Idea ID: 1638649

Backup a single file system with multiple streams

Status: Accepted

Brief description:

While file systems continue to grow and the underlaying disk subsystems become faster the backups of large file systems are still one of the major concerns for traditional backup environments. The Data Protector Disk Agent should support multiple streams on a single file system that can be configured similar to device concurrency to drastically speed up the backup and the restore operation.

Picture1.png

Existing Enhancement Requests:

QCCR2A62413: Support multiple disk agents per volume

Benefit:

Reduce the complexitiy of subdividing file systems manually into smaller pieces. Optimize for backup and restore performance using multiple streams even on large file systems with millions of files and folders.

Tags:

  •  
    we are actually seeing performance increases of 2-3 times of a standard DA backup. That's in the ballpark of multi-streamed approaches. The goal is to make backup and restore go faster and that's not necessarily depending on the number of streams.

    However we are looking at a multi-stream option for BBB.

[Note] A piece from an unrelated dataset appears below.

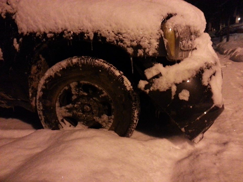 - My most recent picture and why I decided to do some upgrades. Long day at work driving to my girl friends house, I started down a slight grade into her neighborhood at 5mph. By the time I got to the bottom (a T intersection) I was doing 25 and had 3 choices a parked car, a house, or a curb with a knee wall. So I picked the curb and spent the the hour pulling my tb off a wall and changing my flat in the snow. Luckily the week prior I had the spare down to change the vent purge valve, so I didnt have to deal with the spare being stuck while in the snow. So me being the type of person I am, you cant replace stock parts with stock parts. So I have spent the last 2 months researching different things on here and other sites and my journey has begun.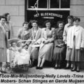 Enkele dames poseren voor het Bloemenhuis op de Pastoor Vranckenlaan (later zat hier de schoenwinkel van Dorssers) in Reuver. van links naar rechts: Corry Muijsenberg - Toos Muijsenberg, Mia Muijsenberg, Nelly Levels, Trina Killaars, Mia Mobers, Schan Stinges en Gerda Muijsenberg |

  • will Block-Based-Backup do more than a single, sequential read?  If not, you're really not addressing the problem.  Yes, skipping the OS filesystem layer will yield a performance improvement, but not of the magnitude needed.  A block-based, single-stream, sequential read of an object measured in dozens of TB is still untenable.  Whether block-based or filesystem-based, the agent needs intelligence added to analyze the object to be backed up and dynamically execute a divide-and-conquer strategy.  I've been preaching this for more than a decade.  Thanks.

  •  

    This will be addressed within Block-Based-Backup

  • Hi Shishir, Hi antaln,

    Thanks for your questions. I had to think about this for a few days.

     is right, having a multi-thread only implementation for backing up data has benefits. It would allow us to maintain the single object for each drive or mount point that can be directly presented in the GUI for restore and taken into consideration for Object Copy and Consolidation. The biggest disadvantage is that it does not cover the restore part where a multi-thread operation does not offer any advantage. Usually the backup media is sequential.

    Only a multi-stream solution offers benefits on backup and restore since Data Protector can restore from multiplexed media or multiple drives at the same time. Having multiple sub-objects would also allow Object Copy and Consolidation to scale with the number objects. In any case this must be transparent to the user. The individual parts of the multi-stream backup object must mapped into a single logical object (e.g. use the same description of each sub-object).

    Regards,
    Sebastian Koehler

  •  I would think that the multi-thread read would be effectively transparent to the existence of a single object.  That is to say, if a VBDA for WINFS object "F:/Users" or a VBDA for FILESYSTEM object "/var" decides to multi-thread for read efficiency during backup,  the objects "F:/Users" and "/var" should remain monolithic objects in the IDB and for the purposes of object copy, restore, and verification.  Otherwise, you'll have what you see now with manual divide and conquer where a restore context presents multiple "F:/Users" objects or multiple "/var" objects for restore, and you have to pray that you used good object descriptions in the backup spec to give yourself a clue which rabbit hole to jump down for restoring a specific folder or file.